На следующее утро они обо всем договорились. Фриц оказался дотошным и педантичным, когда речь зашла о практической стороне дела. Можно было подумать, что он всю жизнь занимался вопросами конспирации. Во-первых, надо было снабдить Гая новыми документами. Это взял на себя Микаэл Манинг. Во-вторых, Фриц разработал довольно сложную систему явок и паролей. Записывать ничего не полагалось, приходилось все запоминать. Гаю предстояла работа в Германии. Фриц тоже должен вскоре появиться в Берлине. В группу Гая входят, кроме него самого, еще три человека – Иштван, Ганс, Альдона. Все связи – через Иштвана.
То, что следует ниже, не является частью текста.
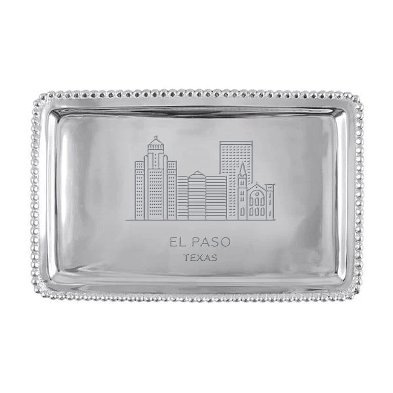 Main view Product Details Mariposa® The EL PASO-TEXAS CITYSCAPE BEADED 7in BUFFET TRAY crafted by Mariposa® — The BEADED BUFFET TRAY with a CITYSCAPES special EL PASO TEXAS hand engraving. Perfectly sized to fit a check, making this a great way to jazz up a monetary gift. Important Note: Mariposa items are hand engraved. Your piece may differ slightly from the photo. We stock ALL the Mariposa Cityscape styles. Click here to goto a directory of cities. Want to order cityscape on another Mariposa style? Ask our customer service LIVE CHAT rep for assistance. We can get special orders from Mariposa in 2-3 days. The EL PASO-TEXAS CITYSCAPE BEADED 7in BUFFET TRAY crafted by Mariposa® Mariposa® WINTER CELEBRATION Savings - Buy More / Save More * Add this item to your cart for the full details of this promotion. Conditions may apply. Model #808813779140 List $42.00 You pay $38.95 This item IS in stock and can be expected to ship 01/26/2026 In stock Your Price Match is Active Your request for a price of $0.00 for a minimum quantity of has been accepted. You have [time] left to purchase this item for $0.00 instead of $38.95 each. Find a Lower Price? We BEAT All Authorized Retailers [?] FEATURESMaterial:AluminumFinish:SilverOccasion:Birthday, Congratulations, Corporate gifts, Employee honors, Group Events + Parties, Friendship, Inspirational, Military HonorsStyle:Contemporary, Santa Fe, Shabby Chic, Sports & leisure, Eco-Friendly-Recycled, ModernBrand:Mariposa®Display Type:not applicable n/a Approx. Overall Dimensions:6 3/4"x3 3/4"x1/2" This item ships in its own box SHARE THIS ITEM Share on Facebook

Так как с Гая еще не успел сойти испанский загар, ему удобнее всего въехать в пределы Германии откуда-нибудь с юга. К тому же он должен выдавать себя за голландца, вернувшегося в Европу из Нидерландской Новой Гвинеи, где у него имеются обширные поместья. Вполне натурально выглядело бы, если б голландец прибыл на пароходе в Амстердам, а затем отправился в Германию. Но все же Фриц счел более подходящим путь через Турцию. Все остальное – при встрече в Берлине… Через неделю Гай обзавелся двумя новенькими паспортами. В одном из них он значился как Ганри Манинг, – у Микаэла Манинга был когда-то племянник Ганри. В другом его звали Ганри ван Гойеном. Он мог выдавать себя при необходимости за представителя этой знатной и богатой семьи, но у него было гражданство Соединенных Штатов Америки. Все это обошлось в триста гульденов. Группу Гая назвали Para bellum[4]. Прощаясь перед отъездом в Турцию с Микаэлом Манингом, Гай сказал: – Извини и зла на меня не держи. – За что? – не понял Мик. – Я же думал, ты с фашистами. – Эх, сынок, это меня только утешает: значит, они тоже сильно ошибаются. – Мик расхохотался и похлопал Гая своей короткопалой пятерней по простреленному левому плечу.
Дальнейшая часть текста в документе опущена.